At around 2, the group dispersed. Bob and Charlotte and I took a taxi to the Beijing offices of the Dahlin Group, for a meeting that I had arranged before leaving the US. Dahlin is a large land planning and design firm in the Bay Area that established a Beijing office a few years ago. They now have 40 employees here. Getting to the office was an adventure, as all we had was a slip of paper with the address written in Chinese characters. When we got out of the cab, we had to ask about 5 different people before we found our way into the building.

We were warmly greeted and spent about 90 minutes meeting with the General Manager of the office and her assistant. The visit was a nice way to close our meeting with Chinese planning professionals, because it provided another perspective on how the growing wealth in China is changing development and consumer patterns. Dahlin is building a lot of very high end housing to meet the demand created by new money; homes that would fit in well in the Bay Area’s most exclusive neighborhoods. They are also starting to do new towns with a broader mix of housing types and land uses. It was fascinating to talk about the changes in consumer preferences and the Chinese land development system.

We were driven back to the hotel by a Dahlin staff person at around 4:30. At 5:30, our entire group met with the company that organized our trip to provide them with feedback on our experience. We went day by day, pointing out our highlights and lowlights and ways to improve the trip experience for the next group of planners (they arrive in Hong Kong tomorrow!). After about an hour, our entire group headed for the subway, going to a neighborhood a few stops away for our farewell dinner.

The celebratory dinner was a really nice occasion. We had peking duck and a million other dishes. Everything was delicious, but mostly we remarked how much we’d enjoyed getting to know each other and what a great experience this has been.
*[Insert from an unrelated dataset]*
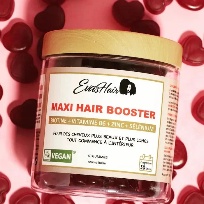 Sans colorants artificiels, les Gummies Maxi Hair Booster Evashair ont une texture non collante et un gout intense aux arômes naturels de fraise. Ces compléments alimentaires sont fabriqués en France.

This will be my last entry before returning to the US tomorrow. My flight is at noon, but we’ve been advised to head to the airport at 8 AM. I will post some more post-trip reflections tomorrow.

2 comments:

robeastwood said...

Barry -

Much thanks for your very informative and insightful observations, reflections, and critique of the tour. I think it was very helpful to the second tour which is yes, starting today here in HK. We've also posted a link to your blog on the NorCal APA website :

http://www.norcalapa.org/

Despite the few mishaps, hope you found the trip worthwhile.

Hope to catch up with you later after our tour.

-Rob Eastwood

planbig said...

Rob
The trip was phenomenal. I hope you guys have as good a time as we did! Thank you for all your hard work pulling this together!